Присматривался к народу и, поп Иван: к самому окну не подходил, а издали, на ходу, бросал короткие, острые, злые взгляды. Безмерно возмущали его эти серые, малоподвижные немые пятна, каким-то непостижимым образом присосавшиеся и к окнам, и к жизни его. Слились с сумерками, но не исчезли, а только переменили образ; наступит ночь, и еще иной новый образ примут они покорно – но не уйдут – но не исчезнут – но не оставят…
Наконец приехали и сыновья. Старший, о. Николай, молодой, но уже полный, в хорошем полушелковом подряснике и с широким расшитым поясом: уже успел приобрести в городе почитательниц и щедрых молитвенниц из купеческого звания; был он обеспокоен до чрезвычайности, даже полные, белые, обцелованные руки дрожали. Младший, семинарист, и ростом и лицом похожий на о. Ивана, весь смерзся, как навага зимою, но отошел быстро и без содроганий; от всего происходящего, даже от жестокого холода, он ощущал видимое, слегка насмешливое удовольствие: смеялся опущенными глазами и не то презирал всех, не то, вроде отца, готовил свою, особенную штуку.
– Ах, Боже мой, что же это такое, – говорил Николай, с отвращением смотря на пьяного о. Эразма. – Вчера зовет меня преосвященный: ваш это, спрашивает, отец, который…
– А ты чей, сказал? – тихо осведомился Сашка. Николай с негодованием взглянул на брата.
– А тут еще этот ввязался, с-смола! Взял ты у меня полтинник или нет?
– Нет, не брал, – спокойно ответил Сашка и прихлебнул из блюдечка.
– Вот видите! Да как же ты не брал, когда я перед самым твоим отъездом по твоей просьбе, мерзавец ты этакий, в самую руку вручил монету?..
За дверью послышался как бы смешок, а может быть, и кашель – но все стихло.
– Папаша! – нежно постучал в дверь Николай. – Разрешите войти.
Но ответа не последовало. И так раз до десяти подходил, терзаясь, и нежно постукивал Николай, но ни единого ответного звука извлечь не мог.
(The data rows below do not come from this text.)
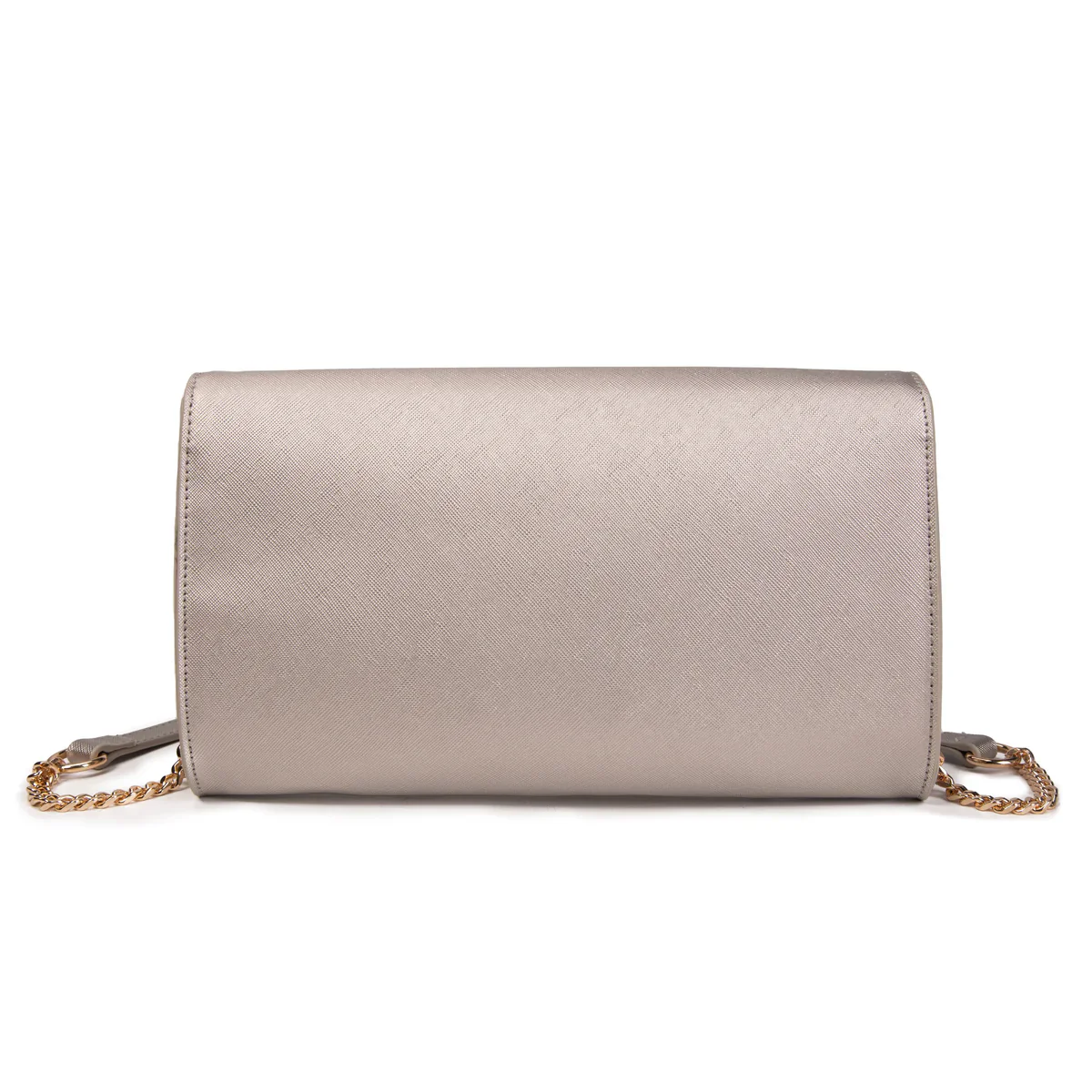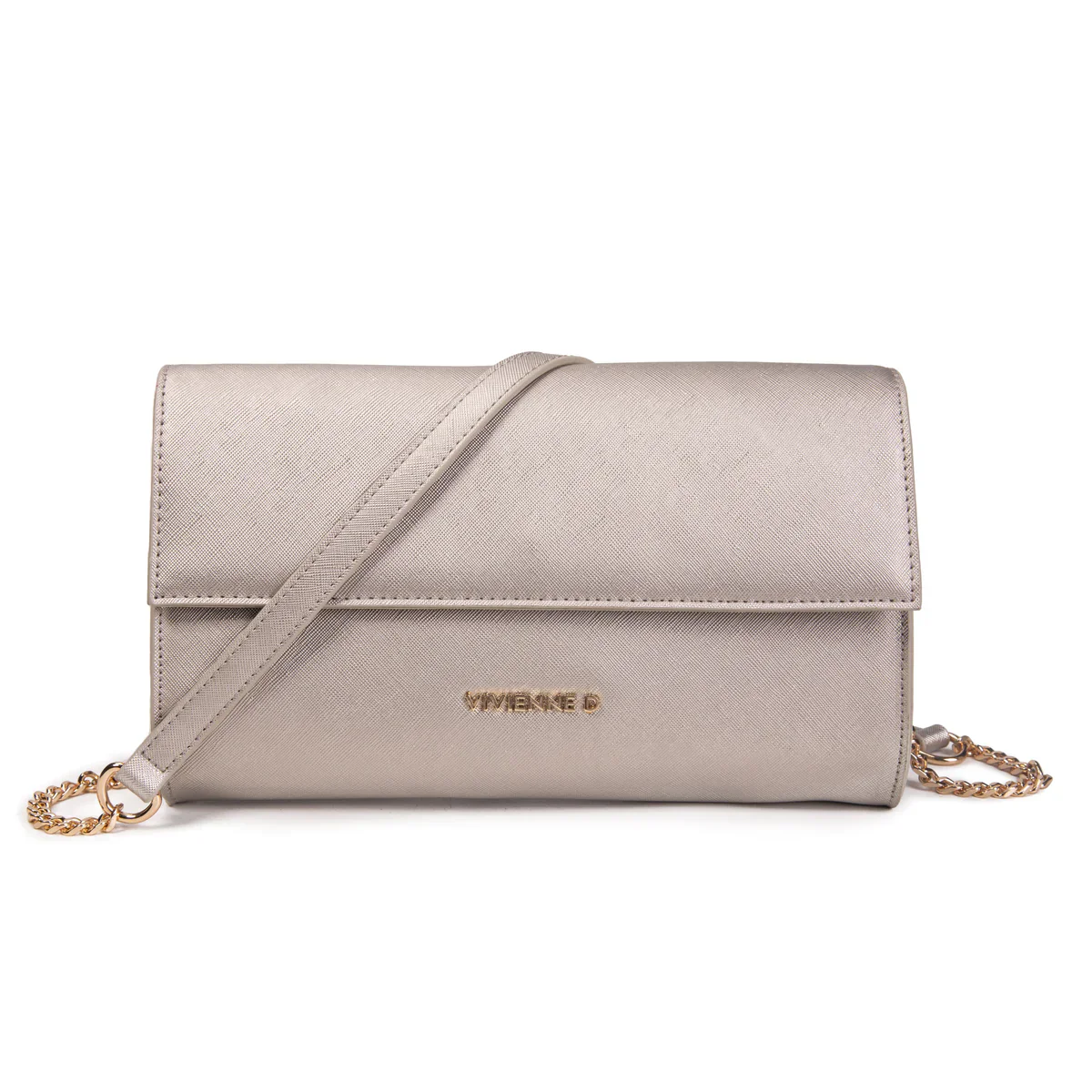 Vivienne D. donna borsa Mini Saffiano V164 Argento Dimensioni: 27x13x3 ca Pochette in saffianoChiusura con automaticoTracolla a catena con parte in ecopelleLogo VIVIENNE D finitura dorataFodera 100% poliestere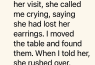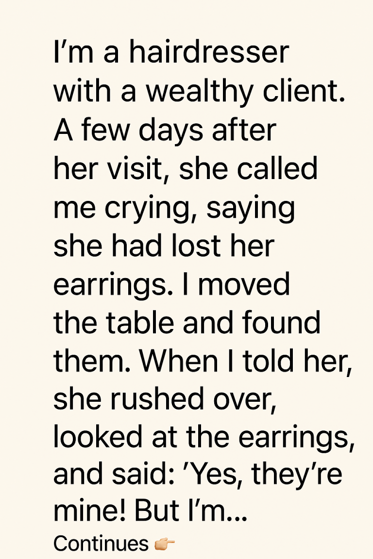 She rushed over as if the floor were on fire, snatched the earrings from my palm, examined them, and said in a strangely matter-of-fact tone: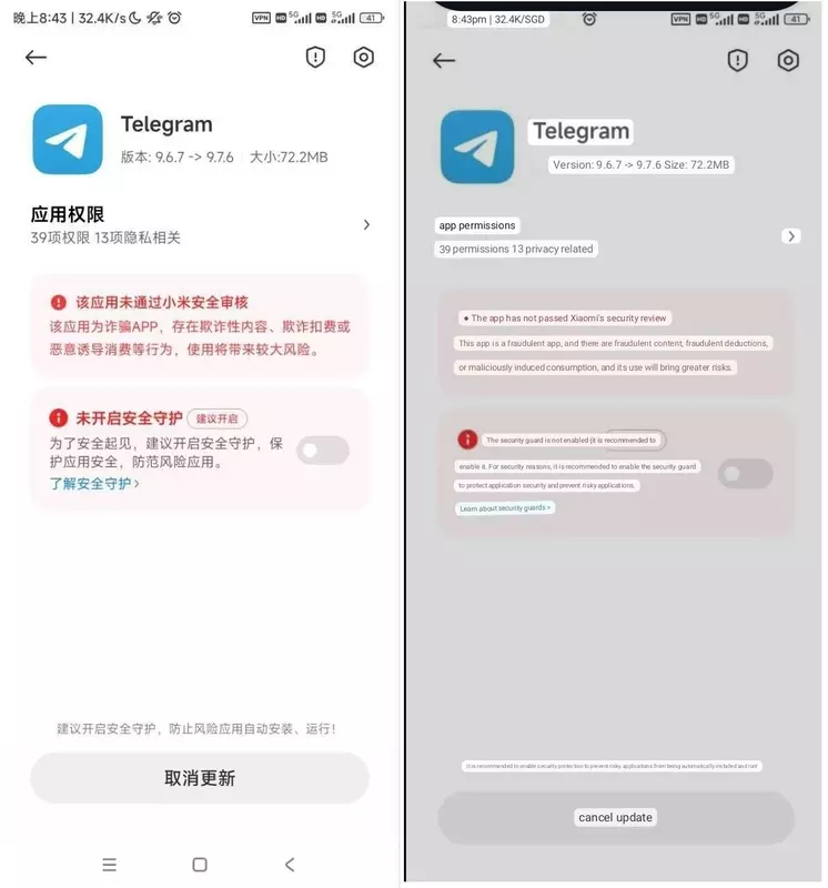 Nu classificeert MIUI de Telegram messenger als een gevaarlijke app. Als je hem probeert te installeren, geeft het systeem een melding dat de app niet door Xiaomi's beveiligingscontrole is gekomen en frauduleus is.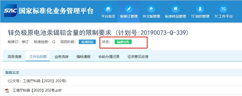 2021年4月28日,由苏州大学化学电源研究所承担的强制性国家标准《锌负极原电池汞镉铅含量的限制要求》(标准编号:GB 24427-2021)修订计划项目通过国家标准化管理委员会的审核并发布了公告。
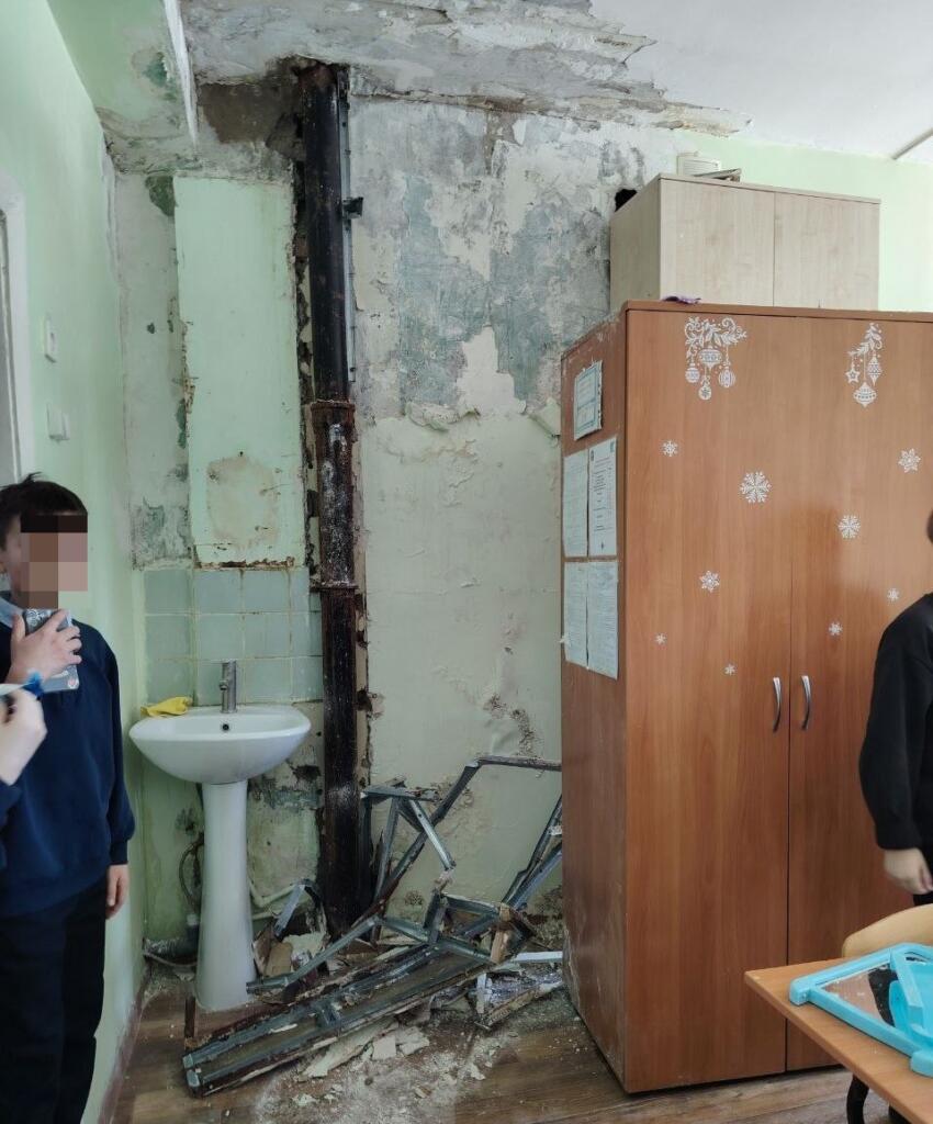В школе временно закрыты шесть кабинетов, удалена промокшая внутренняя отделка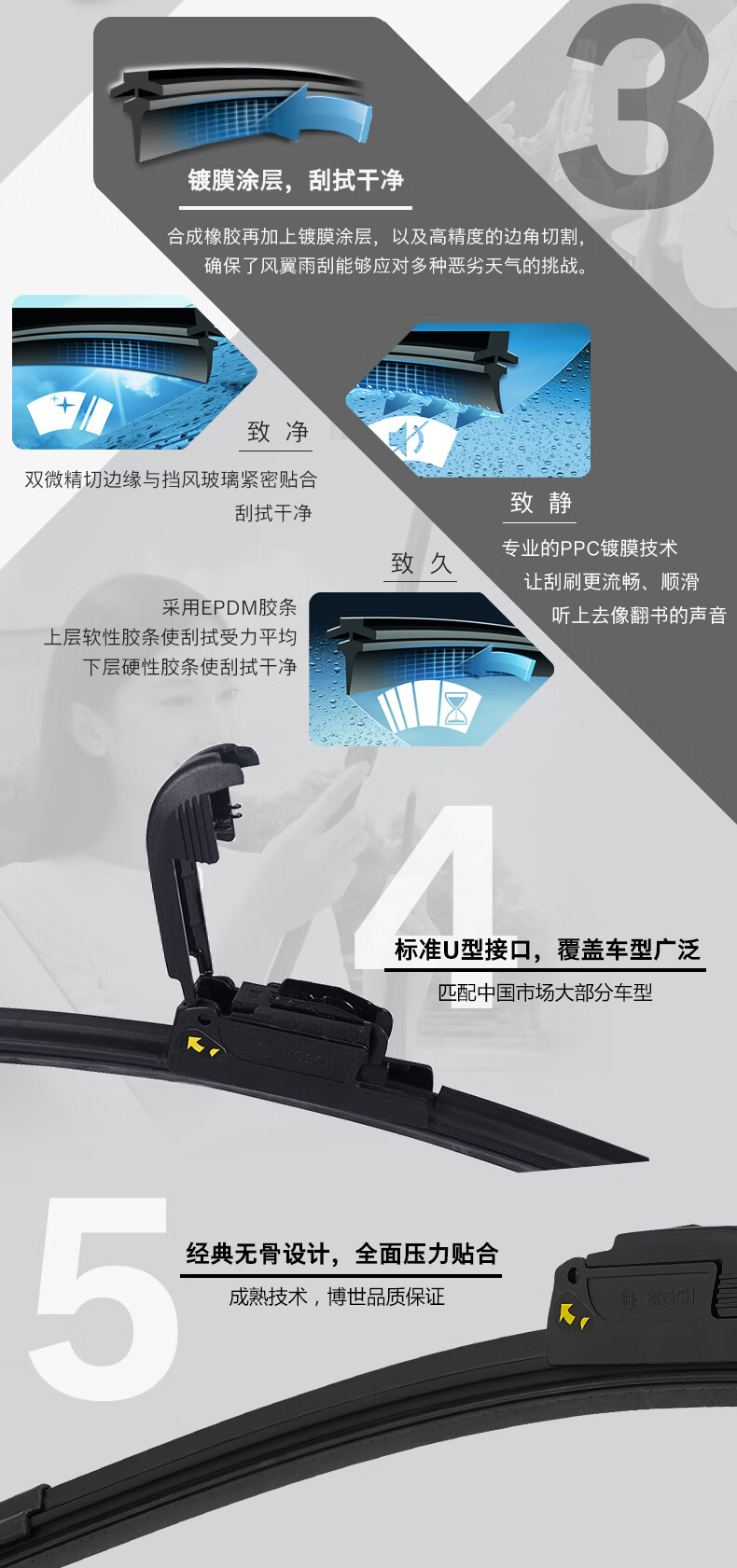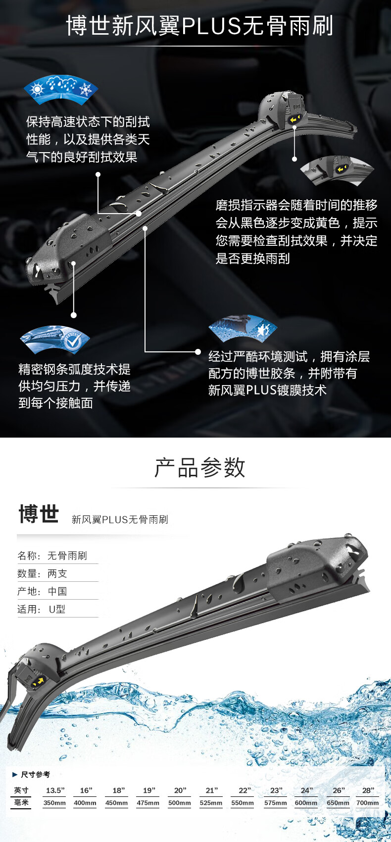 Bosch (BOSCH) is suitable for Hyundai IX25 wiper blades. Bosch original silent boneless wiper blades. Original wiper blades. Wind wing series wipers. High. 1 pair. Hyundai ix25_2014-2019 models.

Попробовал было сам приоткрыть незапертую, без крючка, дверь, но тотчас же невидимая рука быстро и злобно захлопнула ее, – очевидно, поп был настороже. Сашка громко и откровенно захохотал, а попадья заплакала:
– Ведь с утра ничего не ел, в чем душа держится.
Уже к ночи разрешил о. Иван войти. И так много ожидали от этого разговора, что разбудили заснувшего о. Эразма и послали за дьяконом, который побежал за табаком к себе домой и что-то застрял там, – и все с напряжением смотрели на перегородку, за которой невнятно, видимо, желая укрыться от постороннего слуха, по-голубиному мягко гурковал Николай. Но только один голос, другого же слышно не было.
– Ты чего ухмыляешься? – сердитым шепотом спросил Сашку о. Эразм.